Every line of the material is to be quoted verbatim, minus the pictures.

*Data shown*.
━━━━━━━━━━━━━━━━━━━━━━━━━━━━━━
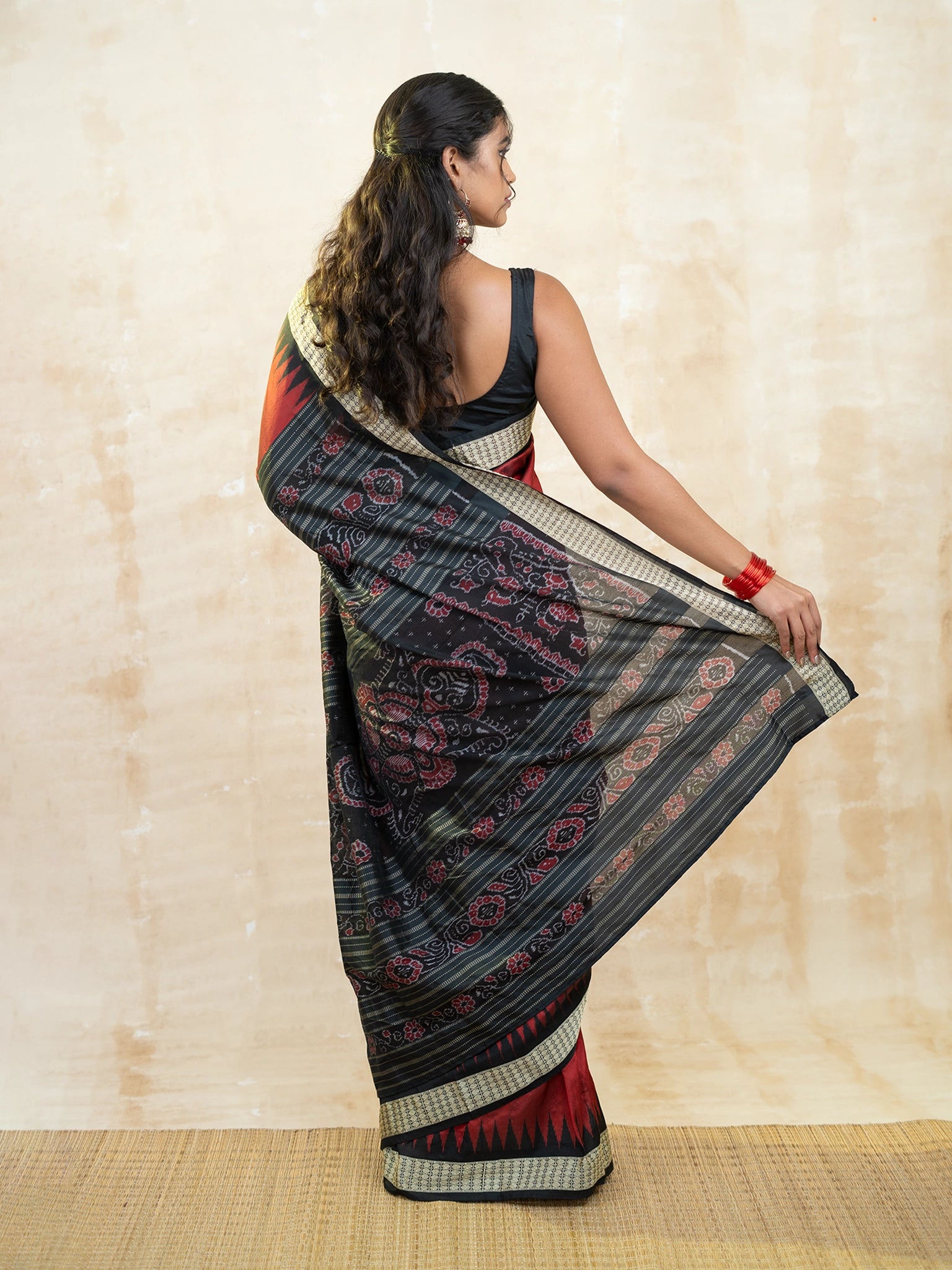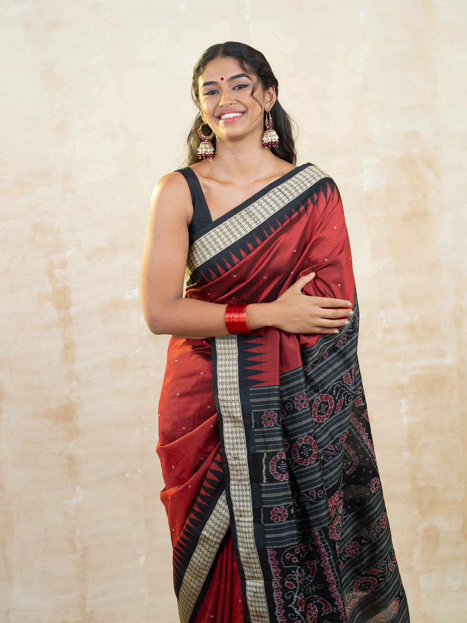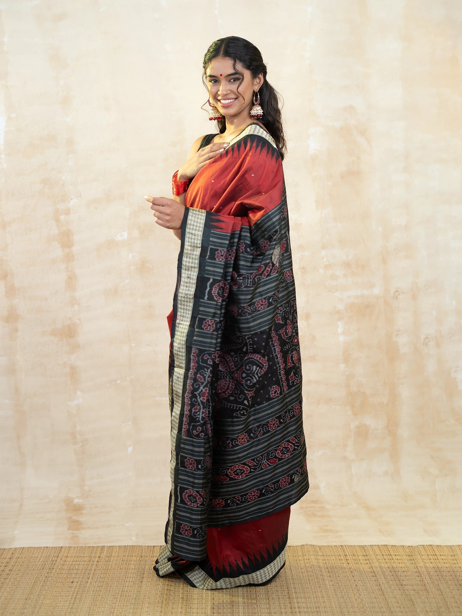 Odisha Sambalpuri Dark Coral Red & Black Ikkat Silk Saree Without Blouse
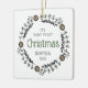 Celebra la primera Navidad del bebé con este adorno de sake, con una corona de arte folclórica al estilo escandinavo de vegetación y flores garabateadas. La palabra "Navidades" aparece en verde. Personalice el ornamento con el nombre del bebé y el año con el tipo de letra sans serif negro.
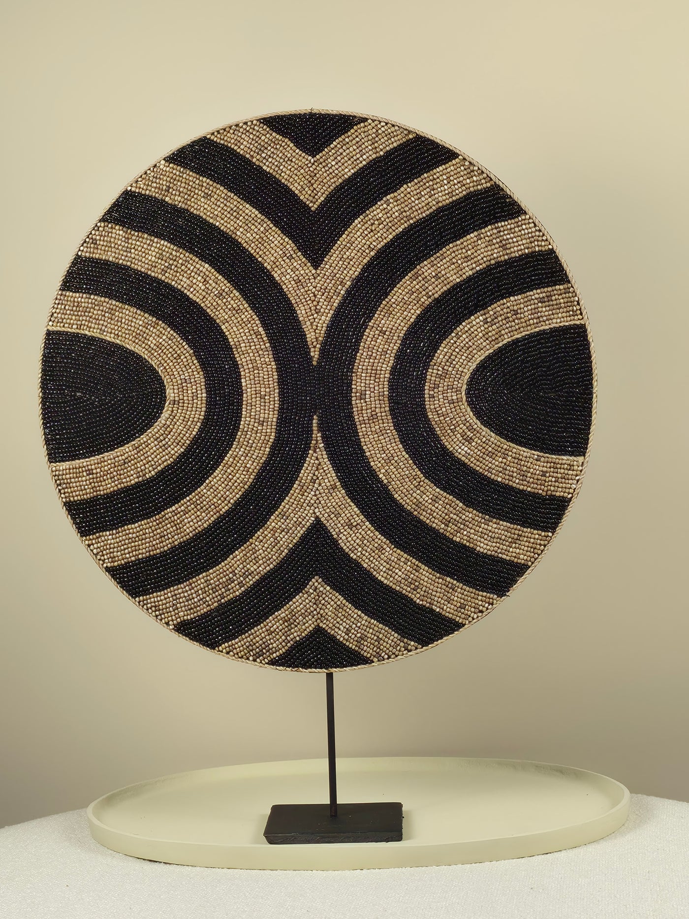 De Max is een decoratief ornament opgebouwd uit hout en kralen in beige en zwart, gepresenteerd op een zwarte ijzeren standaard. Het zwart verandert de dynamiek compleet: waar de Lucy in wit en beige een rustgevende zachtheid uitstraalt, brengt de Max spanning en contrast. De beige kralen houden de warmte vast, de zwarte kralen voegen diepte en kracht toe. Samen creëren ze een ornament dat stoerder en uitgesproken is.
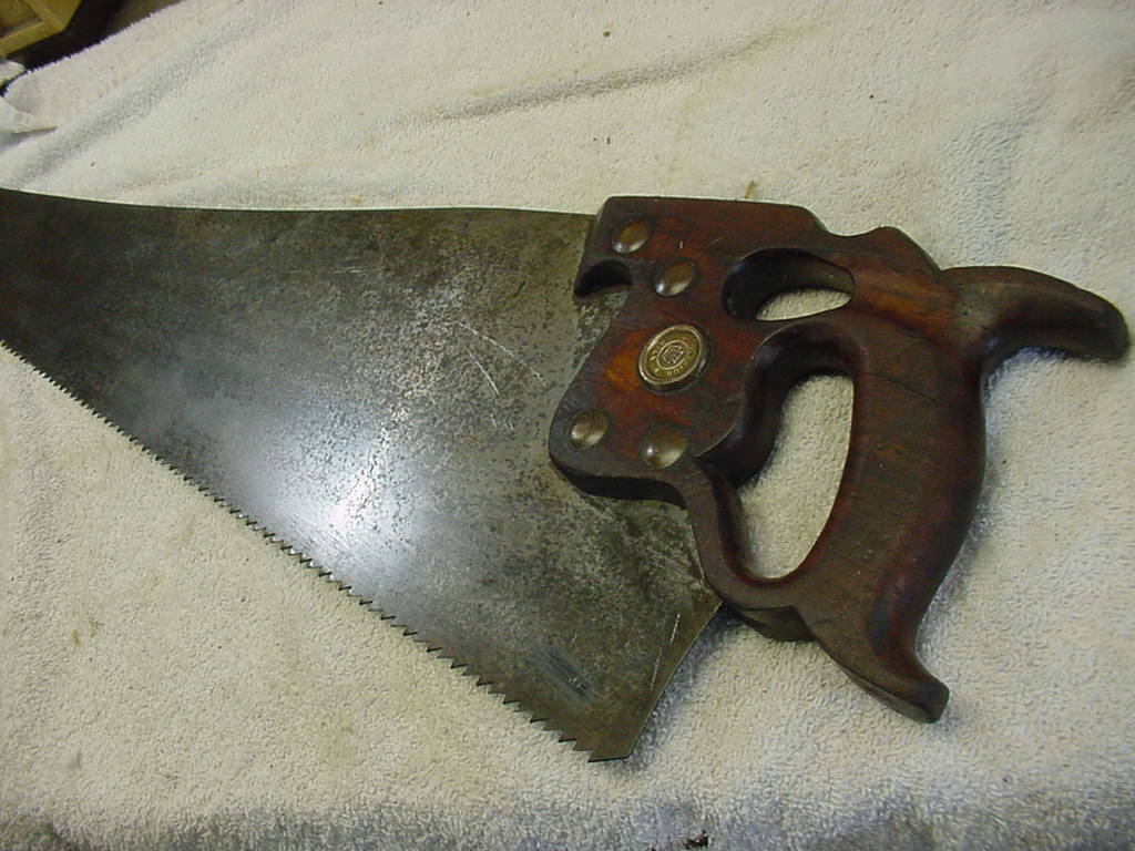 Title (ebay affiliate link): Vintage Disston Hand Saw # 5 Rip saw wheat carved thumb hole handle curved back
━━━━━━━━━━━━━━━━━━━━━━━━━━━━━━
*Your solution*.
 Odisha Sambalpuri Dark Coral Red & Black Ikkat Silk Saree Without Blouse
 Celebra la primera Navidad del bebé con este adorno de sake, con una corona de arte folclórica al estilo escandinavo de vegetación y flores garabateadas. La palabra "Navidades" aparece en verde. Personalice el ornamento con el nombre del bebé y el año con el tipo de letra sans serif negro.
 De Max is een decoratief ornament opgebouwd uit hout en kralen in beige en zwart, gepresenteerd op een zwarte ijzeren standaard. Het zwart verandert de dynamiek compleet: waar de Lucy in wit en beige een rustgevende zachtheid uitstraalt, brengt de Max spanning en contrast. De beige kralen houden de warmte vast, de zwarte kralen voegen diepte en kracht toe. Samen creëren ze een ornament dat stoerder en uitgesproken is.
 Title (ebay affiliate link): Vintage Disston Hand Saw # 5 Rip saw wheat carved thumb hole handle curved back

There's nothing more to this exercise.